# Data

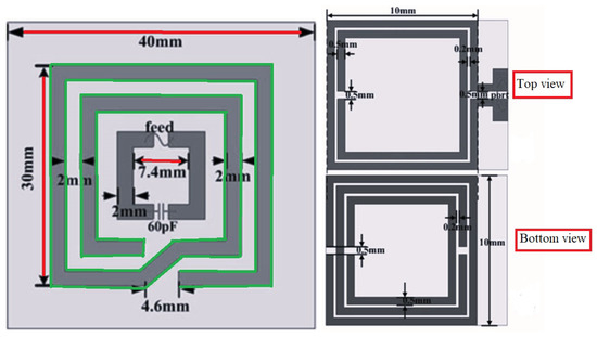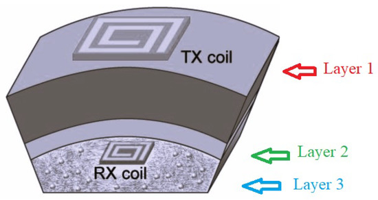 Last but not the leastm with the aim to reduce the overall size of the WPT system, Bao et al. presented a planar multilayer elements SCMR WPT system [16]; its general structure is shown in Figure 15. Their results show that for the targeted efficiency is obtained with a 50% area reduction.
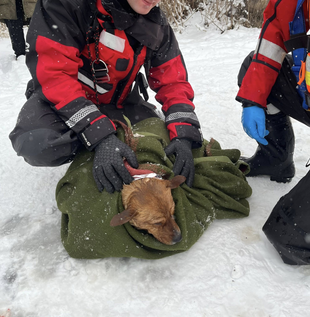 Po dotarciu na miejsce ratownicy zabezpieczeni w ubrania do pracy w wodzie, kamizelki asekuracyjne i szelki, wydobyli psa na ląd. Jak przekazał dyżurny, zwierzę nie odniosło obrażeń. Po wyciągnięciu z wody pies został wytarty i ogrzany w samochodzie ratowniczym.
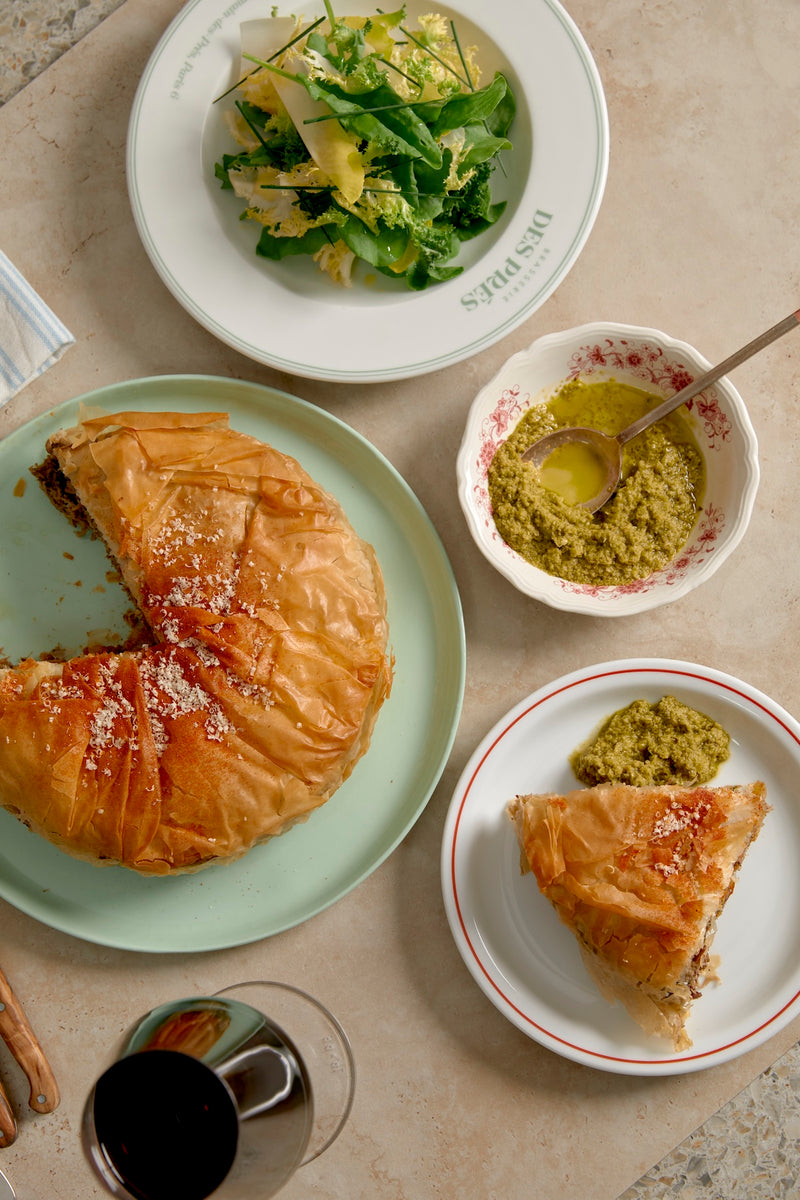 This warmly spiced lamb pie was just the thing for sharing over the Easter weekend. Slow-cooked lamb, fragrant with Ras El Hanout, studded with currants and almonds for a touch of sweetness and crunch, all wrapped in flaky filo pastry.
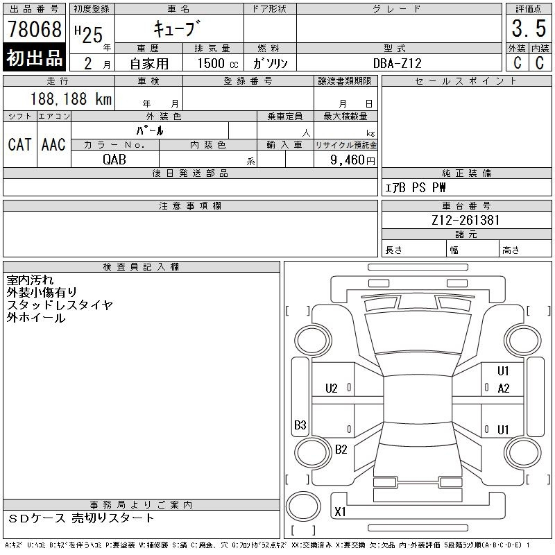 Nissan Cube, 2013 года - Лот№78068 ★3.5

# Task brief
Reproduce the data above without a single change, please, but without its pictures.

# Response to the task
 Last but not the leastm with the aim to reduce the overall size of the WPT system, Bao et al. presented a planar multilayer elements SCMR WPT system [16]; its general structure is shown in Figure 15. Their results show that for the targeted efficiency is obtained with a 50% area reduction.
 Po dotarciu na miejsce ratownicy zabezpieczeni w ubrania do pracy w wodzie, kamizelki asekuracyjne i szelki, wydobyli psa na ląd. Jak przekazał dyżurny, zwierzę nie odniosło obrażeń. Po wyciągnięciu z wody pies został wytarty i ogrzany w samochodzie ratowniczym.
 This warmly spiced lamb pie was just the thing for sharing over the Easter weekend. Slow-cooked lamb, fragrant with Ras El Hanout, studded with currants and almonds for a touch of sweetness and crunch, all wrapped in flaky filo pastry.
 Nissan Cube, 2013 года - Лот№78068 ★3.5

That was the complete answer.